Details
-
Bug
-
Resolution: Fixed
-
Minor
-
None
-
3
-
12950
Description
The console message rate limiting logic which is used by CDEBUG_LIMIT, and therefore by CWARN, CERROR, CNETERR, and CEMERG, has a bug which causes some messages to be printed when they should be skipped.
For example, here are three messages from the same function on one node:
2013-05-24T22:37:30.674942-05:00 c2-0c0s7n3 Lustre: 7197:0:(client.c:1868:ptlrpc_expire_one_request()) @@@ Request sent has timed out for slow reply: [sent 1369453043/real 1369453043] req@ffff880fef070c00 x1435963081072428/t0(0) o400->snx11014-OST0006-osc-ffff881039030c00@10.10.100.6@o2ib1003:28/4 lens 224/224 e 0 to 1 dl 1369453050 ref 1 fl Rpc:XN/0/ffffffff rc 0/-1 2013-05-24T22:37:30.683792-05:00 c2-0c0s7n3 Lustre: 7197:0:(client.c:1868:ptlrpc_expire_one_request()) Skipped 11 previous similar messages 2013-05-24T22:37:30.800884-05:00 c2-0c0s7n3 Lustre: 7197:0:(client.c:1868:ptlrpc_expire_one_request()) @@@ Request sent has timed out for slow reply: [sent 1369453043/real 1369453043] req@ffff880fef070800 x1435963081072424/t0(0) o400->snx11014-OST0005-osc-ffff881039030c00@10.10.100.6@o2ib1003:28/4 lens 224/224 e 0 to 1 dl 1369453050 ref 1 fl Rpc:XN/0/ffffffff rc 0/-1
These messages are all from the same function and the same thread. The first message is printed at 22:37.30. At the same time, it prints "Skipped %d previous similar messages." That is correct. What is not correct is that the next ptlrpc_expire_one_request message is printed at 22:37.30. This message should have been skipped by the rate limiting logic.

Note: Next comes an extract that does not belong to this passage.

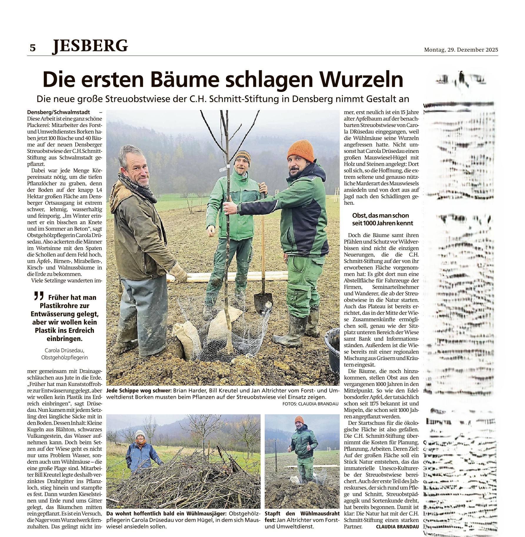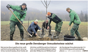 Auch wenn noch immer Früchte manchen Bäumen hängen: Die Ernte vorbei. Fünf Tonnen Äpfel wurden gesammelt, daraus über 400 Flaschen Apfelsaft gepresst, der im Preiswertkaufhaus erhältlich ist. Doch die Arbeit auf der Wiese geht weiter: (…)

I have identified the problem in the code, and I have tested a fix. The problem is with this code:
if (cfs_time_after(cfs_time_current(), cdls->cdls_next + libcfs_console_max_delay + cfs_time_seconds(10))) { /* last timeout was a long time ago */ cdls->cdls_delay /= libcfs_console_backoff * 4; } else { cdls->cdls_delay *= libcfs_console_backoff; if (cdls->cdls_delay < libcfs_console_min_delay) cdls->cdls_delay = libcfs_console_min_delay; else if (cdls->cdls_delay > libcfs_console_max_delay) cdls->cdls_delay = libcfs_console_max_delay; }
The code which clamps cdls_delay in between the libcfs_console_min_delay and libcfs_console_max_delay should be moved outside of the else statement. Otherwise, the cdls_delay can be set lower than the libcfs_console_min_delay, causing the next message to be printed sooner than it should.
I have also noticed that this bug causes the first two messages through libcfs_debug_vmsg2 for a given cdls struct to be printed, no matter how close they are in time.
I will upload my patch for this issue.